Miss Moldova Organization Miss Universe Moldova Organization
- Formation: 1999
- Type: Beauty pageant
- Headquarters: Chișinău
- Location: Moldova;
- Membership: Miss Universe; Miss World; Miss International; Miss Earth;
- Official language: Romanian
- National director: Ernest Hadrian Böhm (Miss Universe Moldova)
- Key people: Royal Group Corporation
- Website: missmoldova.md missuniversemoldova.md

= Miss Moldova =

Beauty pageant

Miss Moldova or also Miss Universe Moldova Organization is a national beauty pageant responsible for selecting Moldova's representative to the Miss Universe and Miss World pageant.

==History==
The Miss Moldova pageant, established in 1999, is Moldova's premier national beauty competition.
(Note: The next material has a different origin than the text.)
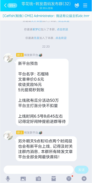 当然你还可以选择加入咱们零花钱的转发平台首码发布群,只要一有新平台上线,老段会第一时间发布到群里面~
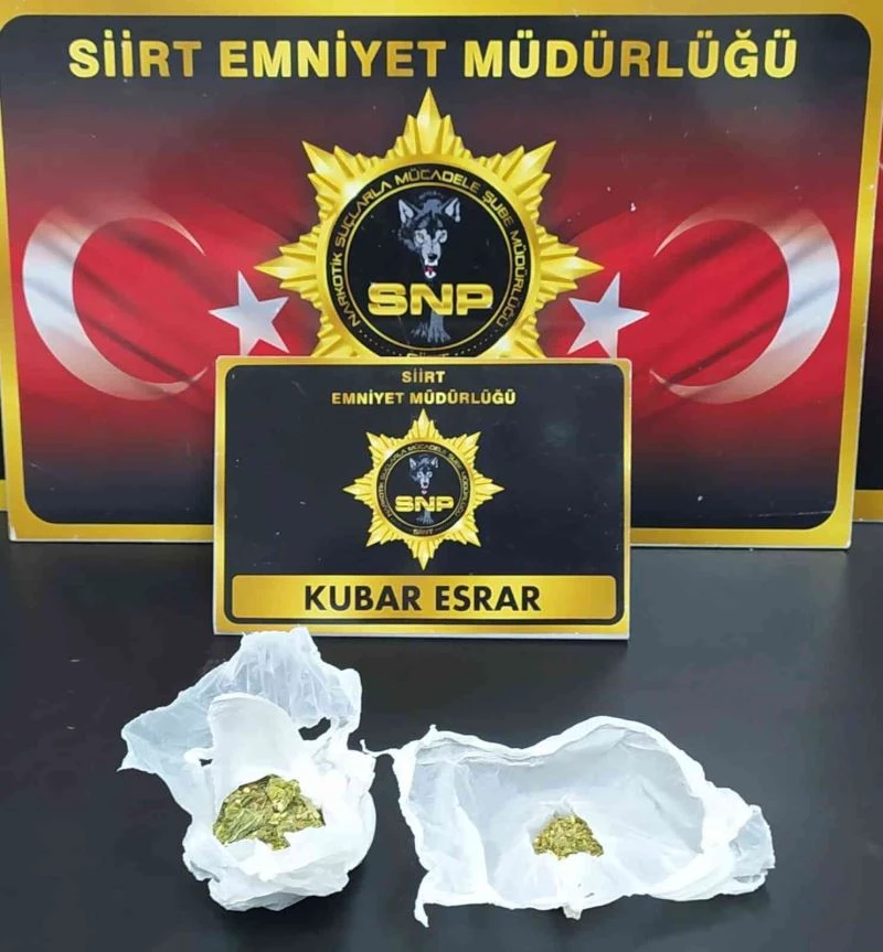 Siirt İl Emniyet Müdürlüğü Narkotik Suçlarla Mücadele Şube Müdürlüğü ekiplerince, uyuşturucu veya uyarıcı madde imal ve ticareti yapma veya sağlama ve kullanma suçlarının önlenmesi maksadıyla başlatılan çalışmalar devam ediyor. Çalışmalar kapsamında, kent merkezi Cezaevi Kavşağında durumundan şüphelenerek durdurulan bir araç içerisinde bulunan bir şahıstan 2 adet paket halinde toplam 15,72 gram kubar esrar maddesi ele geçirildi.

Its purpose is to select representatives for international pageants, primarily Miss World, with contestants evaluated across several categories including physical appearance, personality, communication skills, and social engagement. Over the years, Miss Moldova winners have also participated in other international competitions like Miss Earth and Miss International, reflecting the country's expanding presence in global beauty pageants.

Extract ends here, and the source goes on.